Explore the Registered Model

Now that we’ve logged an experiment and registered the model associated with that experiment run, let’s observe how this information is actually stored both in the MLflow UI and in our local directory. Note that we can also get this information programmatically, but for explanatory purposes we’ll use the MLflow UI.

Step 1: Explore the mlruns Directory

Given that we’re using our local filesystem as our tracking server and model registry, let’s observe the directory structure created when running the python script in the prior step.

Before diving in, it’s import to note that MLflow is designed to abstract complexity from the user and this directory structure is just for illustration purposes. Furthermore, on remote deployments, which is recommended for production use cases, the tracking server will be on object store (S3, ADLS, GCS, etc.) and the model registry will be on a relational database (PostgreSQL, MySQL, etc.).

mlruns/
├── 0/                                    # Experiment ID
│   ├── bc6dc2a4f38d47b4b0c99d154bbc77ad/ # Run ID
│   │   ├── metrics/
│   │   │   └── mse                       # Example metric file for mean squared error
│   │   ├── artifacts/                    # Artifacts associated with our run
│   │   │   └── sklearn-model/
│   │   │       ├── python_env.yaml
│   │   │       ├── requirements.txt      # Python package requirements
│   │   │       ├── MLmodel               # MLflow model file with model metadata
│   │   │       ├── model.pkl             # Serialized model file
│   │   │       ├── input_example.json
│   │   │       └── conda.yaml
│   │   ├── tags/
│   │   │   ├── mlflow.user
│   │   │   ├── mlflow.source.git.commit
│   │   │   ├── mlflow.runName
│   │   │   ├── mlflow.source.name
│   │   │   ├── mlflow.log-model.history
│   │   │   └── mlflow.source.type
│   │   ├── params/
│   │   │   ├── max_depth
│   │   │   └── random_state
│   │   └── meta.yaml
│   └── meta.yaml
├── models/                               # Model Registry Directory
    ├── sk-learn-random-forest-reg-model/ # Registered model name
    │   ├── version-1/                    # Model version directory
    │   │   └── meta.yaml
    │   └── meta.yaml

The tracking server is organized by Experiment ID and Run ID and is responsible for storing our experiment artifacts, parameters, and metrics. The model registry, on the other hand, only stores metadata with pointers to our tracking server.

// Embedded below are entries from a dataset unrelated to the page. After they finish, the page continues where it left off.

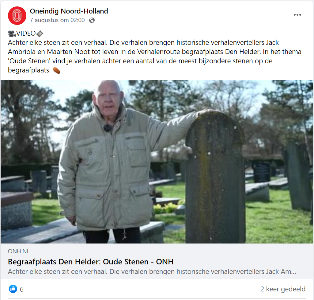 De verhalenroute op de begraafplaats van Den Helder krijgt opnieuw mooie aandacht, dit keer in een uitgebreid artikel van NH Nieuws. Journalist Matthijs Gemmink liep mee over de begraafplaats tijdens de ledenbijeenkomst van de Landelijke
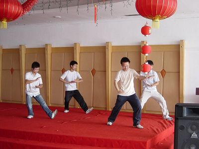 在聚会上,老师和事先分好组的同学们兴致勃勃地包起粽子。在包粽子上,虽然大家基本上都是新手,每个人的粽子可谓“粽型各异”,不同于传统的粽子,但大家从动手的过程中体验了无尽的快乐。一盆盆粽子下锅后,大家在等待中表演起了节目,武术、太极、歌曲、笑话先后演出,精彩的节目和开心的游戏使活动高潮迭起,大家你方唱罢我登场,餐厅成了一片欢乐的海洋。不知不觉一个多小时过去了,我们的粽子终于隆重登场,同学们围坐在一起开心地品尝着自己的劳动成果,吃得不亦乐乎。
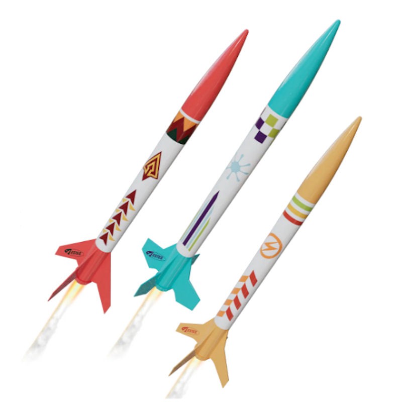Ignite a love for flight with the Estes Trailblazer Trio™—a three-pack of beginner-friendly rockets that make rocketry simple, safe, and unforgettable. Designed for first-time flyers, summer camps, scouting groups, STEM clubs, and family fun, each rocket in the set brings its own style to the skies while keeping assembly quick and easy.
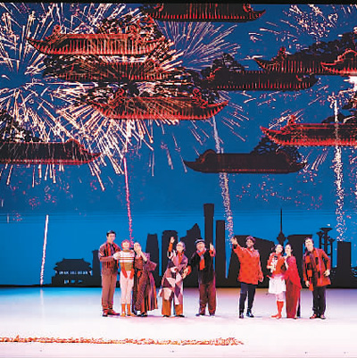 舞臺上,紅彤彤的燈籠、喜慶的春聯(lián)、熱鬧的廟會(huì)奏響了中國農(nóng)歷新年的序曲;“團(tuán)團(tuán)”和“圓圓”家的年夜飯彰顯了中國禮儀之邦的待客之道、尊老愛幼的傳統(tǒng)美德,一張全家福更傳達(dá)了中國人對親情的重視和對團(tuán)圓的向往;“胡桃夾子”大戰(zhàn)“年”獸,則充滿童趣地演繹了“過年”的傳說;而當(dāng)寓意吉祥的仙鶴在蒼勁的松樹下迎著朝陽翩翩起舞,西方芭蕾藝術(shù)在中國文化意象中煥發(fā)出了美妙的東方神韻;扇子舞、絲綢舞、風(fēng)箏舞、陀螺舞……一個(gè)個(gè)頗具中國元素的慶典場面讓阿聯(lián)酋觀眾游歷在瑰麗多姿的中國傳統(tǒng)文化中。
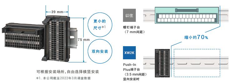更小尺寸*1,实现节省控制柜空间和作业工时的小型连接器端子台 *1. 据本公司2022年3月调查
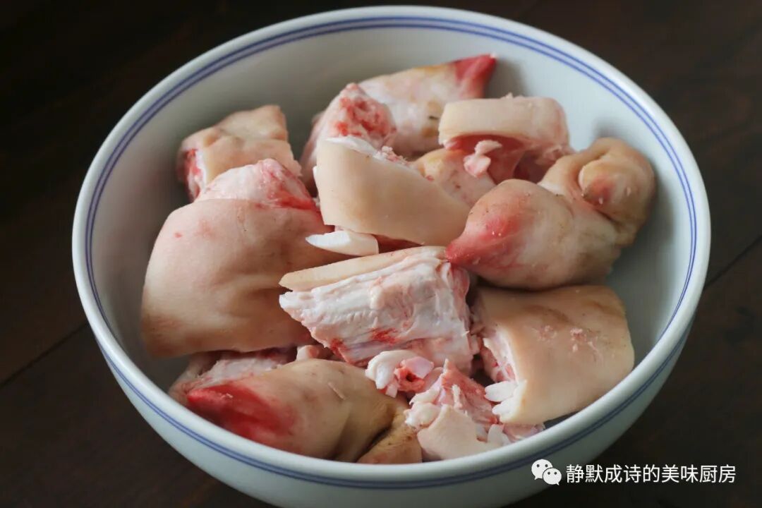 3、猪蹄洗净,剁成小块儿。如果想偷懒,就让卖家帮忙把猪蹄剁好。

As you can see, flavors that support autologging provide lots of additional information out-of-the-box. Also note that even if we don’t have autologging for our model of interest, we can easily store this information with explicit logging calls.

One more interesting callout is that by default you get three way to manage your model’s environment: python_env.yaml (python virtualenv), requirements.txt (PyPi requirements), and conda.yaml (conda env).

Ok, now that we have a very high-level understanding of what is logged, let’s use the MLflow UI to view this information.

Step 2: Start the Tracking Server

In the same directory as your mlruns foder, run the below command.

mlflow server --host 127.0.0.1 --port 8080
[2024-02-05 12:43:10 -0500] [26393] [INFO] Starting gunicorn 20.1.0
[2024-02-05 12:43:10 -0500] [26393] [INFO] Listening at: http://127.0.0.1:8080 (26393)
[2024-02-05 12:43:10 -0500] [26393] [INFO] Using worker: sync
[2024-02-05 12:43:10 -0500] [26414] [INFO] Booting worker with pid: 26414
[2024-02-05 12:43:11 -0500] [26416] [INFO] Booting worker with pid: 26416
[2024-02-05 12:43:11 -0500] [26428] [INFO] Booting worker with pid: 26428
[2024-02-05 12:43:11 -0500] [26437] [INFO] Booting worker with pid: 26437

Step 3: View the Tracking Server

Assuming there are no errors, you can go to your web browser and visit http://localhost:8080 to view the MLflow UI.

First, let’s leave the experiment tracking tab and visit the model registry.

Model information from the mlflow ui.

Next, let’s add tags and a model version alias to facilitate model deployment. You can add or edit tags and aliases by clicking on the corresponding Add link or pencil icon in the model version table. Let’s…

  1. Add a model version tag with a key of problem_type and value of regression.

  2. Add a model version alias of the_best_model_ever.

Model information from the mlflow ui.